UN dividedOn Tuesday the five permanent UN Security Council members – France, the UK, the US, Russia and China – met in New York to discuss a resolution on Syria’s chemical weapons.

They were discussing a draft resolution put forward by the UK, France and the US.

Such a document is seen as a key step in a US-Russia brokered plan under which Syria will disclose its arsenal within a week and eliminate it by mid-2014.

However, there have already been key disagreements over the wording.

France, the UK and US want a resolution containing the threat of military action but Russia opposes this.

Earlier, the disagreements were highlighted at a meeting between Mr Lavrov and French Foreign Minister Laurent Fabius in Moscow.

Referring to the UN’s findings, Mr Fabius said: “When you look at the amount of sarin gas used, the vectors, the techniques behind such an attack, as well as other aspects, it seems to leave no doubt that the regime [of President Assad] is behind it.”
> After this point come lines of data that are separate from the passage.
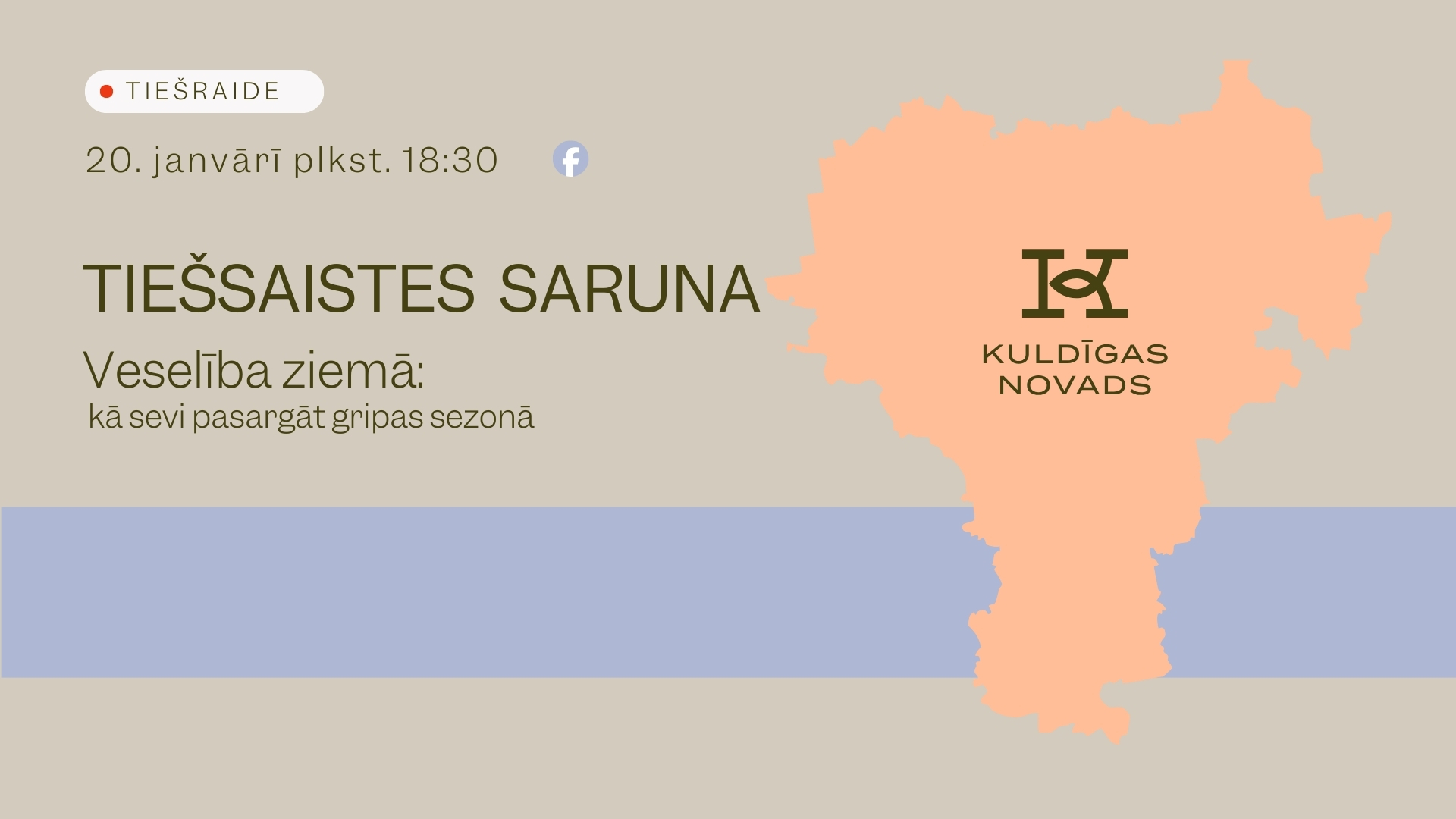 Otrdien, 20. janvārī, plkst. 18.30 aicinām iedzīvotājus pieslēgties tiešsaistes sarunai Kuldīgas novada pašvaldības Facebook lapā. Šoreiz runāsim par veselības stiprināšanu ziemas un gripas sezonā, praktiskiem profilakses soļiem ikdienā, kā arī par jaunā Kuldīgas doktorāta sniegtajiem pakalpojumiem.
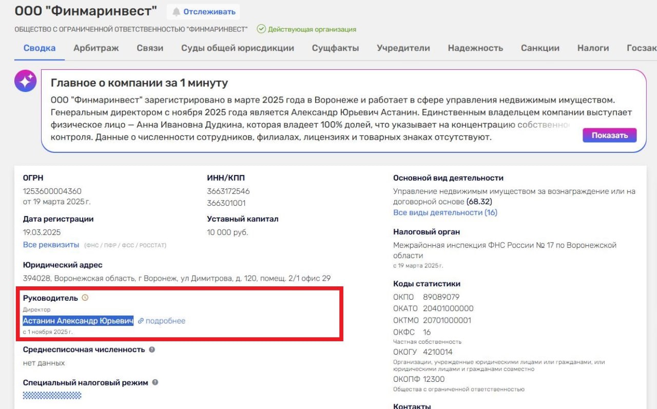 Судя по данным из открытых источников, УК «Финмаринвест» возглавляет Александр Астанин.
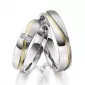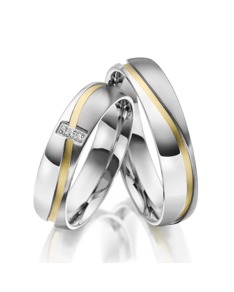 Moderní dvoubarevné provedení! Ocelové snubní prsteny mírně půlkulatého profilu s kombinovanou povrchovou úpravou lesk a mat. Prsten je rozdělený na dvě části, kdy je jedna lesklá a druhá v sametovém matu. Tyto dvě části rozděluje krásně zakroucená matná vlnka, která je navíc zlacená technologií PVD v barvě žlutého zlata. U dámského prstenu jsou vsazeny tři zářivé zirkony s briliantovým brusem Signity star, který dodává zirkonům maximální brilanci. Prsteny mají vnitřní fit profil - zaoblenou vnitřní stranu pro příjemnější nošení, nasazování a sundavání.
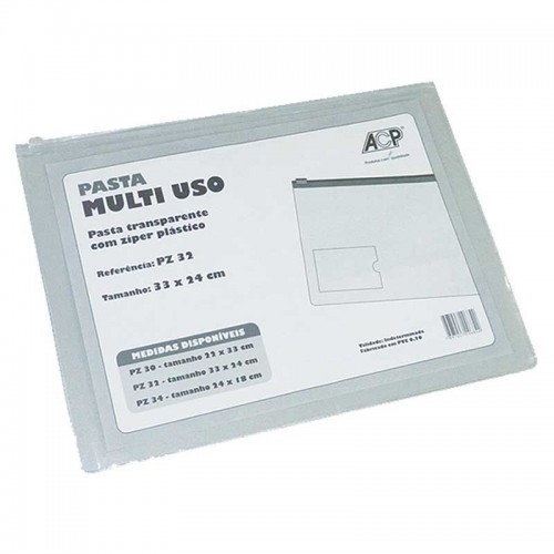 Descrição: O Malote Pasta Multiuso com Zíper 33x24 ACP PZ-32, disponível na 3G Papelaria, é a solução ideal para organizar, guardar e transportar documentos, materiais e objetos maiores com praticidade e segurança. Fabricada em material cristal transparente e resistente, possui fechamento com zíper plástico de fácil manuseio.
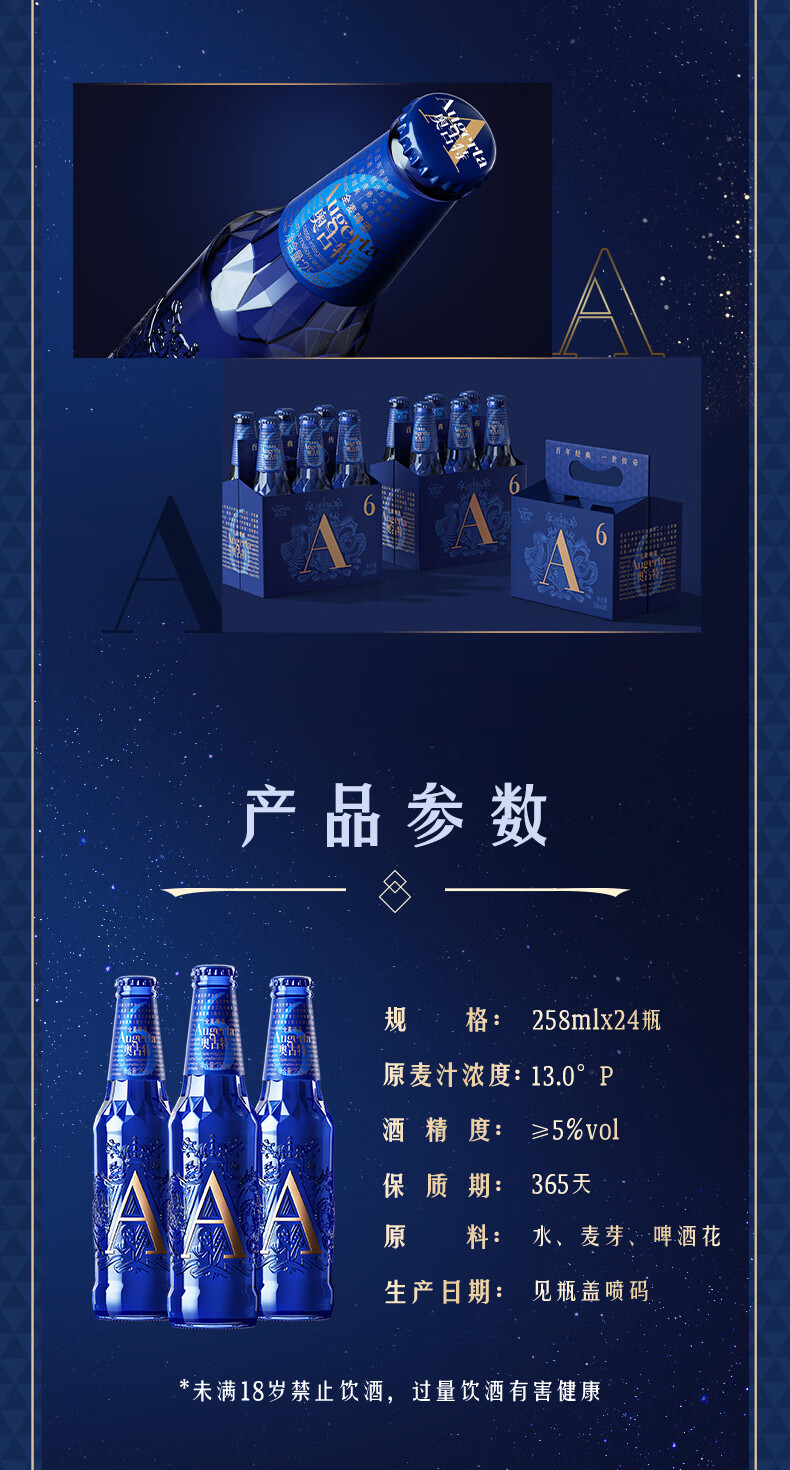 青岛啤酒(TsingTao)奥古特A6 全麦精酿啤酒 258ml*24瓶 整箱装 年货送礼
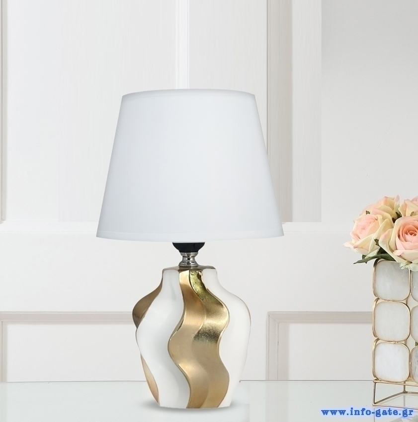 POWERTECH επιτραπέζιο φωτιστικό HLL-0135, E27 κεραμική βάση, λευκό/χρυσό
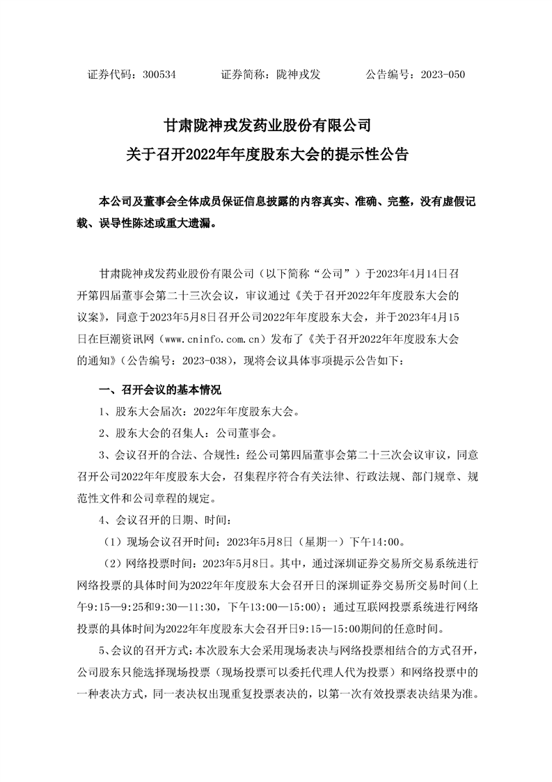 關(guān)于召開2022年年度股東大會(huì)的提示性公告
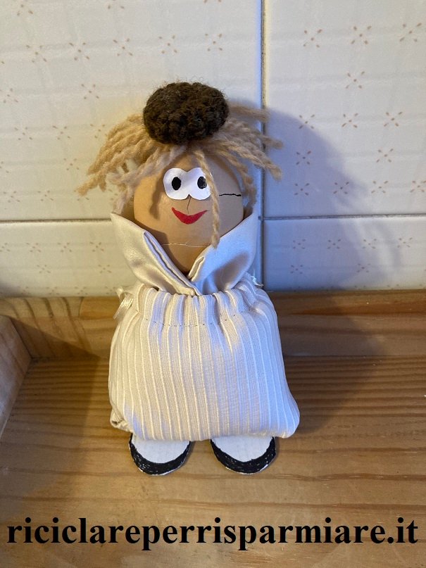 Per creare Coco con i bambini occorre un sacchetto di stoffa, ovatta q. b. per riempire il sacchetto, il guscio di un uovo per realizzare la testa del personaggio, alcuni fili di lana per i capelli e per il cappellino, una cannuccia di 15 cm. per fissare la testa al sacchetto.
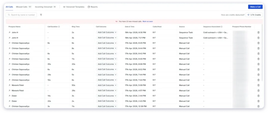 A unified log of every outgoing call, incoming call, missed call, and voicemail drop, from all team members, all sequences, and all manually dialed numbers. Each row in the log shows the prospect name, call type (outgoing, incoming, missed, voicemail), call duration, ring time, call outcome, date and time, which team member made the call, which sequence it came from (or ‘Manual Call’ if dialed directly), and the phone number used.
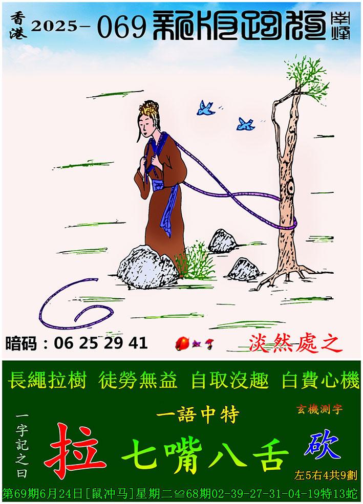 069期新版跑狗一字記之曰:【拉】 玄機測字:《砍》 一語中特:七嘴八舌
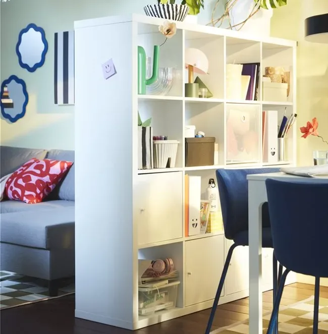 Μήπως το σαλόνι σου καλύπτει πολλές λειτουργίες, όπως τραπεζαρία, playroom, γραφείο; Τότε βρες διαχωριστικές λύσεις στην ΙΚΕΑ, ώστε να το χωρίσεις με κάποια έπιπλα-κλειδιά, όπως πρακτικές ραφιέρες, που θα λειτουργήσουν ως «σύνορα». Με αυτή την τεχνική κερδίζεις εφόσον το σαλόνι σου φαίνεται και είναι πιο λειτουργικό και μελετημένο και ταυτόχρονα φαίνεται και πιο μεγάλο, αφού δεν είναι όλα όπως να ‘ναι κι όπου να ‘ναι. Ε και φυσικά, το καλύτερο είναι ότι δεν χρειάζεται να χτίσεις τοίχους και να σπάσεις τον χώρο σου σε κουβούκλια.
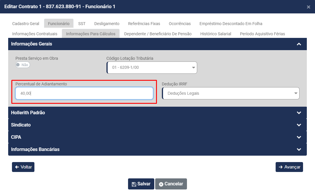 b) Se NÃO for o mesmo Percentual para todos os funcionários - Edite o Cadastro do Contrato do Trabalhador no menu menu Folha de Pagamento>Trabalhadores>Dados Contratuais aba Funcionários>Informações para Cálculo, informe o campo Percentual de Adiantamento
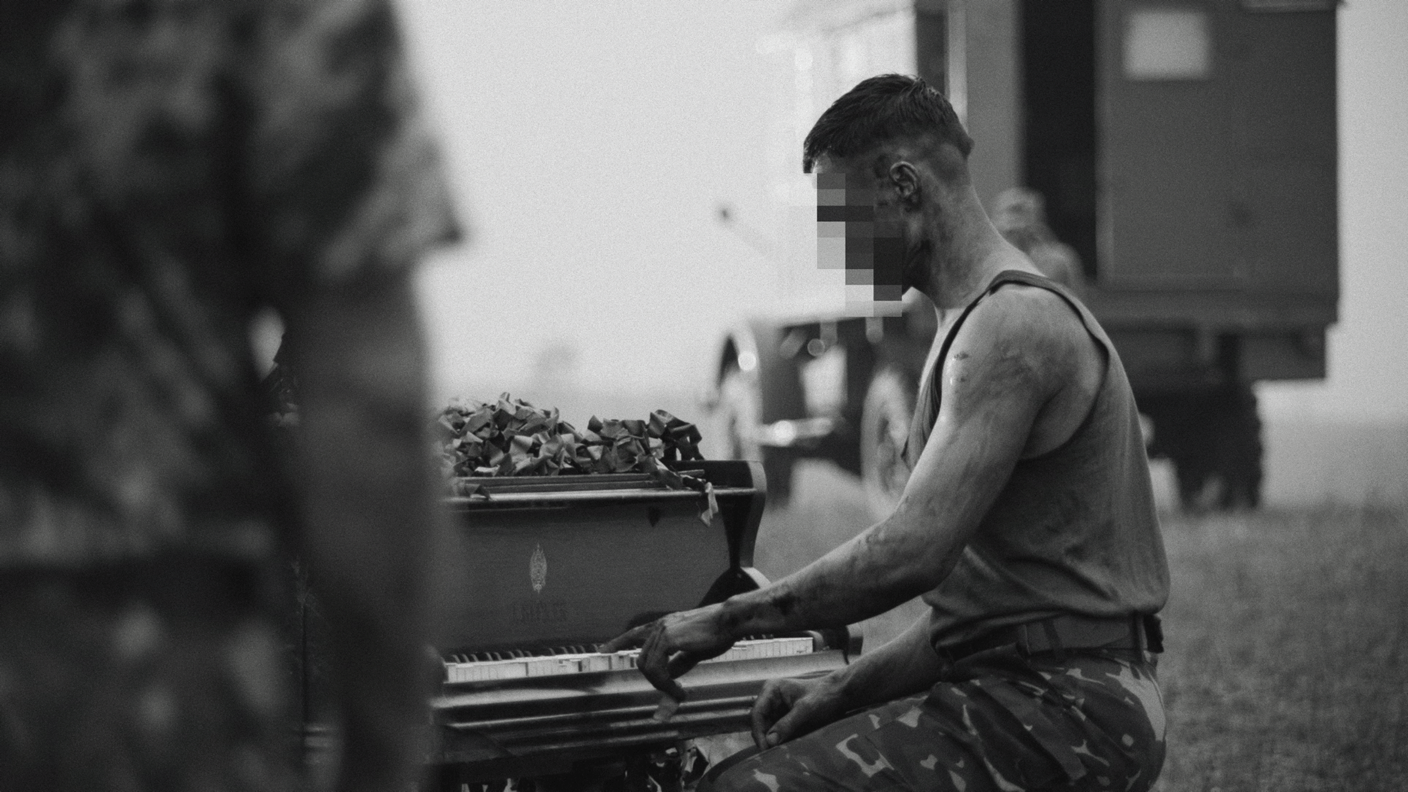 Through soldiers depicted in a desolate countryside with pixelated faces, their propaganda-obscured responsibilities contrasting with their movements, choreographed into gestures of defiance.
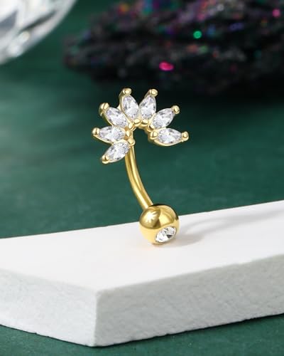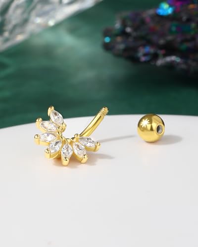HOT ! COCHARM Cute Silver Gold Flower Rook Earrings 16g Sparkling Rook Barbells for Women Gold Stainless Steel 8mm Rook Piercing Dainty Rook Jewelry Silver Rook Rings
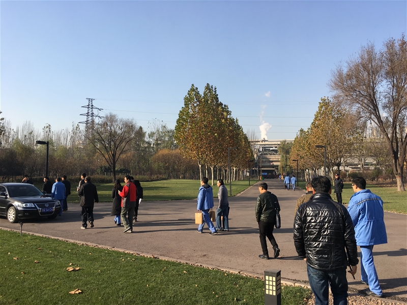 活動(dòng)期間,90余名代表共同出席了太鋼杯全國(guó)冶金行業(yè)職工美術(shù)書法作品展覽開幕式,參觀了位于廠區(qū)內(nèi)的太鋼博物園及廠史展覽館。進(jìn)入廠區(qū),白色外墻的生產(chǎn)車間掩映在高低錯(cuò)落樹木植物之間,潔凈寬敞的柏油路上,各色線條清晰,機(jī)動(dòng)車道與非機(jī)動(dòng)車道分線而行,白色燈桿上,懸掛著勞動(dòng)光榮、勞動(dòng)偉大之類的文化標(biāo)語(yǔ),職工們身著淺藍(lán)色的工作服,愜然自信的行走。廠區(qū)噪音很小,完全感受不到工業(yè)生產(chǎn)對(duì)環(huán)境的破壞干擾。相反,倒覺得仿佛是進(jìn)入了一座城市公園。十里鋼城完全與自然環(huán)境和諧一體,與城市和諧一體。
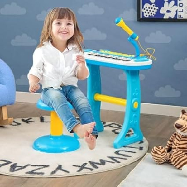 Multifunctional children's keyboard: our children's keyboard offers 22 demos, 8 adjustable volumes, 8 tones, 7 rhythms and 4 drum instruments to give children the opportunity to design their own music. The realistic keyboard provides a fun gaming experience, while the side speakers allow children to hear the music clearly. Flashing lights and automatic switch-off: 4 flashing light rhythms provide additional fun. The keyboard also has an automatic shut-off function: if no key is pressed for more than 3 minutes, it automatically turns off and can be switched on again by pressing any key. Note: Batteries (4 AA) are required but not included. Adjustable microphone and stool: the angle adjustable microphone provides extra singing fun. It can be rotated up to 90 degrees up or down and 360 degrees to adapt to the height of the child. A sturdy stool ensures comfortable sitting and offers a high load capacity. Lightweight and portable design: the lightweight keyboard can be easily removed from the stand. With a convenient handle, children can easily carry it and enjoy the music throughout the house. In addition, the compact keyboard can be easily stored after removing the stand. Ideal gift from 3 years: Our cute keyboard is an ideal gift for children aged 3 and over. It not only provides fun, but also promotes musical development. This educational toy supports IQ cultivation, memory training, hearing development and hand-eye coordination in children. › See more product details; Product description Product Description Description: This fun and educational keyboard set will quickly become your child's favourite instrument. It offers fun for children aged 3 and up and has 22 demos, 8 adjustable volumes, 8 different tones, 7 rhythms and 4 drum instruments. The microphone can be adjusted to the size of the children and provides hours of fun. When the children get tired, they can sit comfortably on the round stool. In addition, the top keyboard can be removed to easily transport it from the living room to the children's room. This keyboard is not only a fun toy, but also a valuable musical instrument for promoting IQ, training memory and developing hearing. Features: Designed with 22 demos, 8 adjustable volumes, 8 tones, 7 rhythms and 4 drum instruments 4 rhythms of flashing lights for more joy Automatic shut-off function extends battery life Realistic buttons to train the flexibility of baby's fingers Adjustable microphone for singing fun Extra stool with sturdy base for children to rest Portable design and light weight for easy carrying and storage. Perfect for IQ cultivation, memory training, hearing development and hand-eye coordination Technical data: Colour: blue/pink. Material: PP. Overall dimensions: 45 cm x 23 cm x 45 cm (L x W x H). Stool Size: 24cm x 24cm (D x H) Suitable age: from 3 years Battery: 4 x AA batteries, not included Net weight: 1.5 kg. Box contents: 1 x 31-key keyboard for children. 1 x microphone. 1 x stool. 1 x instruction manual Safety Warning /; Product description Product Description Description: This fun and educational keyboard set will quickly become your child's favourite instrument. It offers fun for children aged 3 and up and has 22 demos, 8 adjustable volumes, 8 different tones, 7 rhythms and 4 drum instruments. The microphone can be adjusted to the size of the children and provides hours of fun. When the children get tired, they can sit comfortably on the round stool. In addition, the top keyboard can be removed to easily transport it from the living room to the children's room. This keyboard is not only a fun toy, but also a valuable musical instrument for promoting IQ, training memory and developing hearing. Features: Designed with 22 demos, 8 adjustable volumes, 8 tones, 7 rhythms and 4 drum instruments 4 rhythms of flashing lights for more joy Automatic shut-off function extends battery life Realistic buttons to train the flexibility of baby's fingers Adjustable microphone for singing fun Extra stool with sturdy base for children to rest Portable design and light weight for easy carrying and storage. Perfect for IQ cultivation, memory training, hearing development and hand-eye coordination Technical data: Colour: blue/pink. Material: PP. Overall dimensions: 45 cm x 23 cm x 45 cm (L x W x H). Stool Size: 24cm x 24cm (D x H) Suitable age: from 3 years Battery: 4 x AA batteries, not included Net weight: 1.5 kg. Box contents: 1 x 31-key keyboard for children. 1 x microphone. 1 x stool. 1 x instruction manual Safety Warning /; Product Description Description: This fun and educational keyboard set will quickly become your child's favourite instrument. It offers fun for children aged 3 and up and has 22 demos, 8 adjustable volumes, 8 different tones, 7 rhythms and 4 drum instruments. The microphone can be adjusted to the size of the children and provides hours of fun. When the children get tired, they can sit comfortably on the round stool. In addition, the top keyboard can be removed to easily transport it from the living room to the children's room. This keyboard is not only a fun toy, but also a valuable musical instrument for promoting IQ, training memory and developing hearing. Features: Designed with 22 demos, 8 adjustable volumes, 8 tones, 7 rhythms and 4 drum instruments 4 rhythms of flashing lights for more joy Automatic shut-off function extends battery life Realistic buttons to train the flexibility of baby's fingers Adjustable microphone for singing fun Extra stool with sturdy base for children to rest Portable design and light weight for easy carrying and storage. Perfect for IQ cultivation, memory training, hearing development and hand-eye coordination Technical data: Colour: blue/pink. Material: PP. Overall dimensions: 45 cm x 23 cm x 45 cm (L x W x H). Stool Size: 24cm x 24cm (D x H) Suitable age: from 3 years Battery: 4 x AA batteries, not included Net weight: 1.5 kg. Box contents: 1 x 31-key keyboard for children. 1 x microphone. 1 x stool. 1 x inst
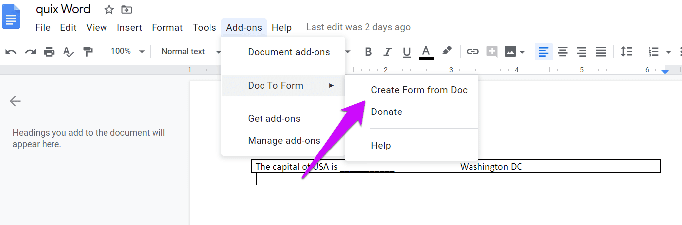 To do so, you will need the help of an Add-on aptly named Doc to Form. For now, it’s free and the process to create forms is also simple.

But Mr Lavrov said: “We have serious grounds to believe this was a provocation… But the truth needs to be established and this will be a test of the future work of the Security Council.”

He said any UN resolution on the Syrian chemicals issue should not contain the threat of military action.

A resolution under Chapter VII of the UN charter permits military action if other measures do not succeed. Chapter VI requires a purely negotiated solution.

The BBC’s Daniel Sandford in Moscow says Russia has delivered a promise from Syria to give up its chemical weapons, and it seems that at this stage Moscow does not feel like giving the Western allies anything more.

Russia and China have three times blocked Western-backed Security Council resolutions against Mr Assad.

More than 100,000 people have died since the uprising against President Assad began in 2011.

Millions of Syrians have fled the country, mostly to neighbouring nations. Millions more have been internally displaced.